After cleaning the data, we can try to understand or extract insights from it. To do so, in this last section, you will do the following:
1. Create a function to show the relationship between numerical features.
2. Interpret your findings. What is correlation useful for? What insights can you get from it? 
3. Select an appropriate type of graph to explore the relationship between grade, school group, and any other meaningful feature
4. Interpret your findings. What are some factors that seem to influence the grade of the students? Which features do not seem to affect the outcome?


### 3.1 
Create a function to show the linear correlation between features.

In [None]:
### 3.1
import seaborn as sns
def plot_correlation(df):
    """
    Builds upper triangular heatmap with pearson correlation between numerical variables

    Instructions
    ------------
    The plot must have:
    - An appropiate title
    - Only upper triangular elements
    - Annotated values of correlation coefficients rounded to three significant 
    figures
    - Negative correlation must be blue and possitive correlation red. 

    Parameters
    ----------
    df : DataFrame with data


    """
    # YOUR CODE HERE
    raise NotImplementedError()


In [None]:
send(plot_correlation(df), 31) 

### 3.2
Interpret your findings.
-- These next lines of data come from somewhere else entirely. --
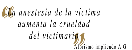 La crueldad es la violencia que interrumpe el devenir amoroso de la vida. Del amor al terror. Pero es la víctima, alienada en los mandatos de la cultura represora, que no solamente sigue amando a su ángel exterminador, sino que además no puede aprender a odiarlo. La anestesia de su legítima violencia, que es además el ejercicio de su legítima defensa, es una sentencia firme de muerte. La obsesión de no culpabilizar a la víctima impide que la víctima salga de ese lugar letal. El victimario, torturador, exterminador, no va a dejar de asesinar aunque lea todas las noches el código penal y todas las tardes las leyes contra la violencia de género.
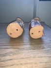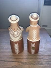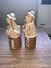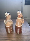 Vintage Raquel's Collection, Peruvian Handmade Clay Figurines, Flutist & Admirer. These beautiful hand-crafted folk art clay figurines come from Raquel's Collection from Peu, circa 1980s. They are painted with different shades of brown and white. They stand at about 8.75" tall and 2.5" in length and width. They have the expected imperfections of a piece of folk art molded and painted by hand.
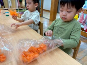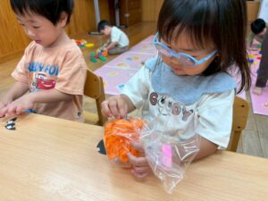 ぎゅぎゅっと力を込めて丸めるお友達や
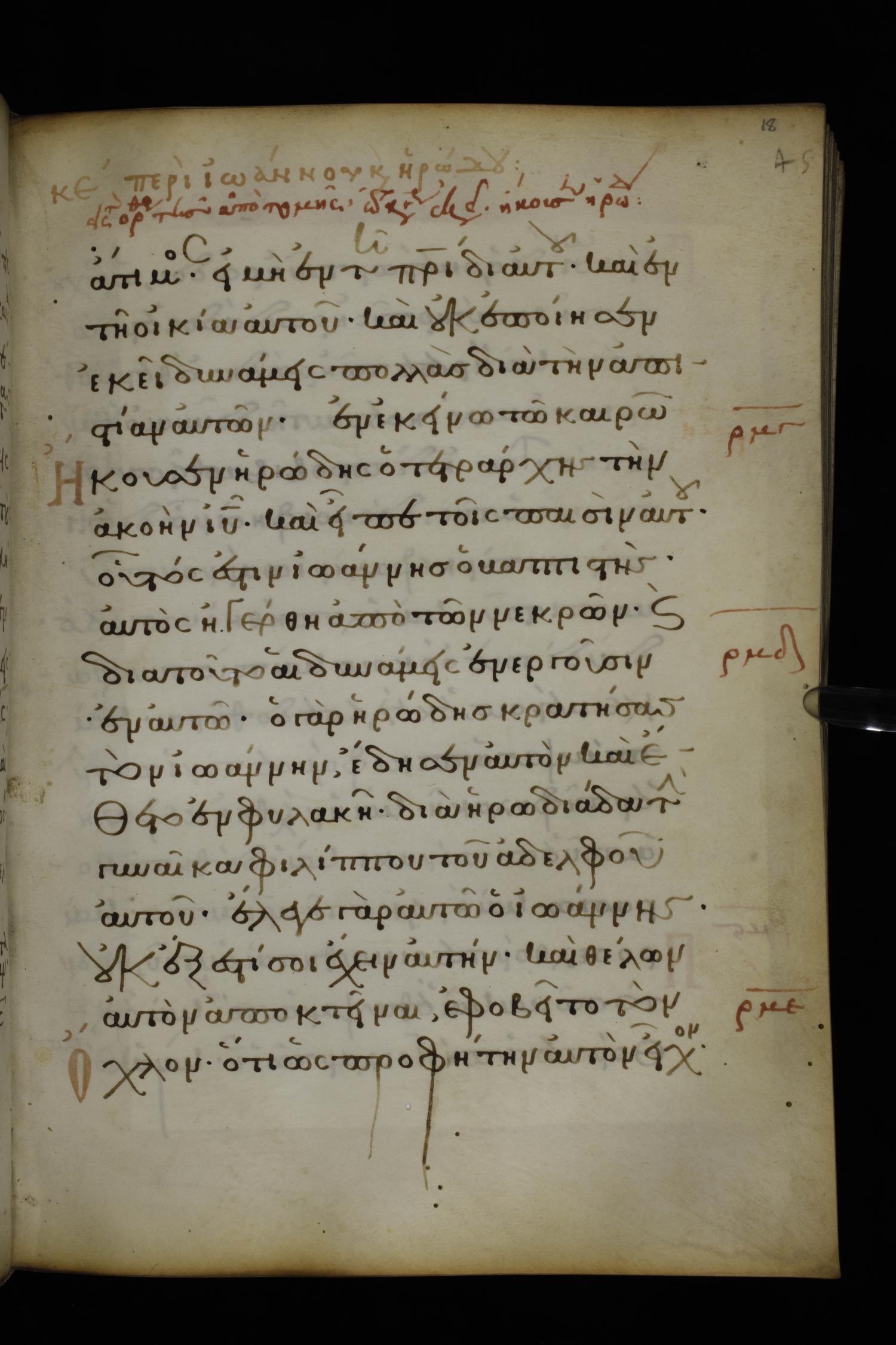 Ὁ γὰρ Ἡρῴδης κρατήσας τὸν Ἰωάνην ἔδησεν {αὐτὸν} καὶ ἐν φυλακῇ ἀπέθετο διὰ Ἡρῳδιάδα τὴν γυναῖκα Φιλίππου τοῦ ἀδελφοῦ αὐτοῦ,
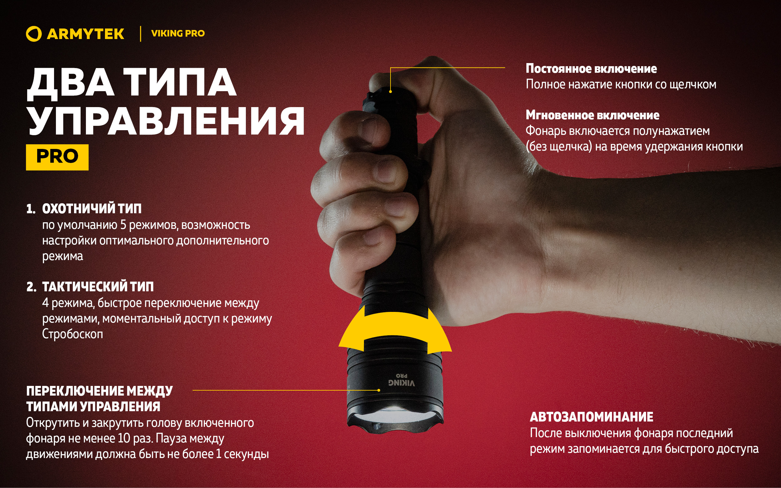 - Pro Два типа управления: охотничий и тактический. Тактический тип для быстрого доступа к режиму максимальной яркости и Стробоскопу.
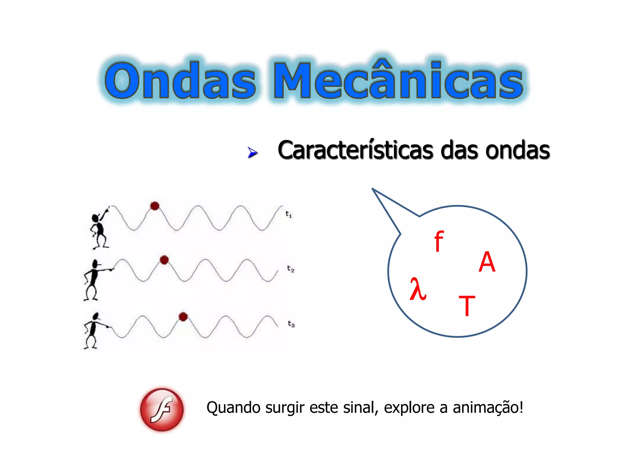 Este documento discute as características e propagação de ondas. Trata-se de ondas mecânicas e eletromagnéticas, incluindo suas diferenças. Explica conceitos como frequência, período, comprimento de onda e amplitude. Fornece também exemplos de cálculos envolvendo estas grandezas.
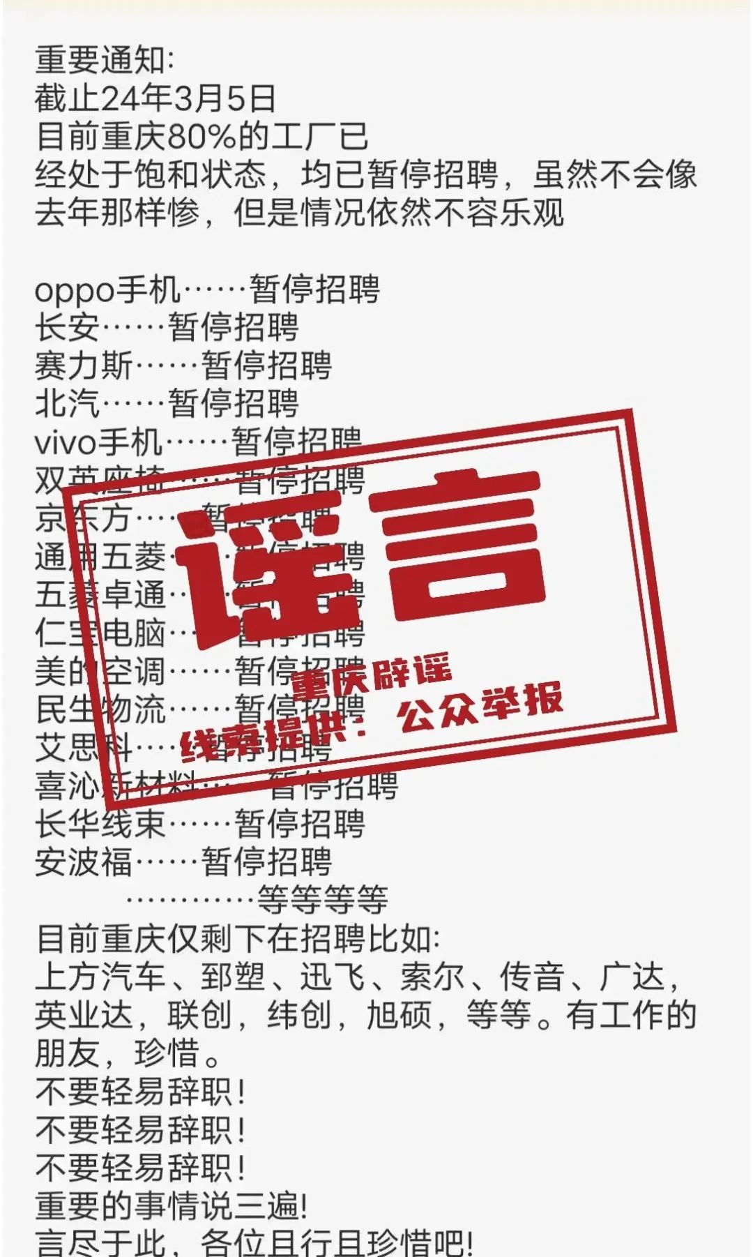 近日,有網(wǎng)民在某網(wǎng)絡(luò)平臺上發(fā)布信息:“目前重慶市80%的廠已處于飽和狀態(tài),均已暫停招聘”,引發(fā)社會關(guān)注。經(jīng)相關(guān)部門核實(shí),網(wǎng)傳信息為謠言。
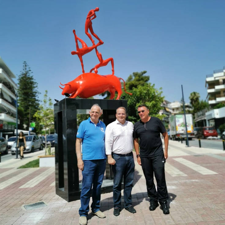 Την Τετάρτη 10 Ιουλίου έγινε η τοποθέτηση του νέου γλυπτού «TAUROKATHAPTION» στην πρόσφατα αναμορφωμένη κεντρική πλατεία της Βάρκιζας, με την παρουσία του δημάρχου Γρηγόρη Κωνσταντέλλου, του αντιδημάρχου Νίκου Βάση και υπό την εποπτεία του δημιουργού του έργου, γλύπτη Κωστή Γεωργίου.
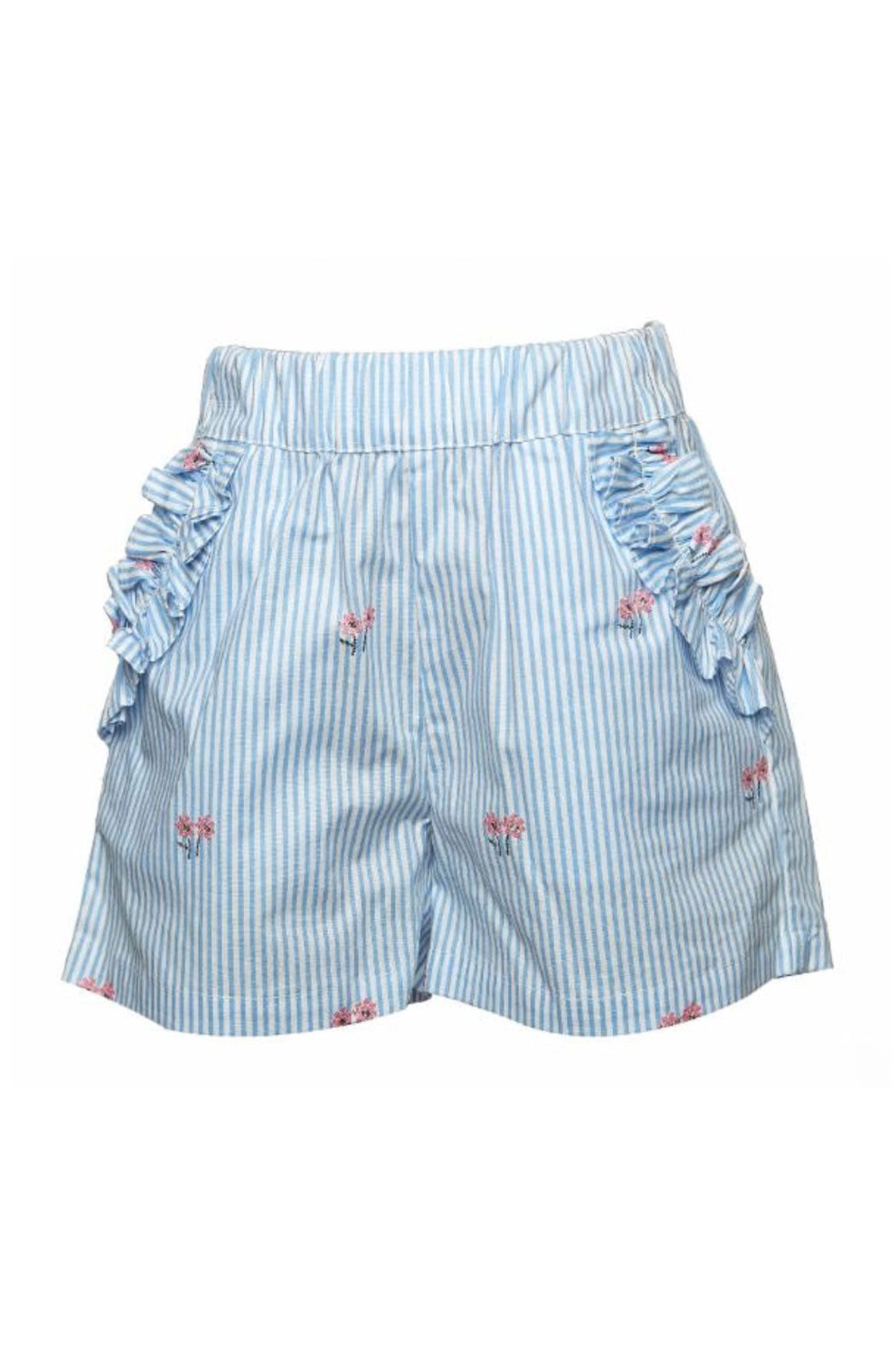 White & blue striped shorts with embroidered flowers. The shorts have an elastic waist and side pockets. The shorts pair perfectly with the matching tee.

What is correlation useful for? What insights can you get from it? 


In [None]:
answer = """
YOUR ANSWER HERE
"""

send(answer, 32) 

### 3.3
Select an appropriate type of graph to explore the relationship between grade, school group, and any other meaningful feature.


In [None]:
### 3.3
def plot_grades(df):
    """
    Visualizes the relationship between grade,  school group and other meaningful
    feature

    Parameters
    ----------
    df : DataFrame with data

    """
    # YOUR CODE HERE
    raise NotImplementedError()

In [None]:
send(plot_grades(df), 33)

### 3.4
Interpret your findings. What are some factors that seem to influence the grade of the students? Which features do not seem to affect the outcome?

In [None]:
answer = """
YOUR ANSWER HERE
"""

send(answer, 34)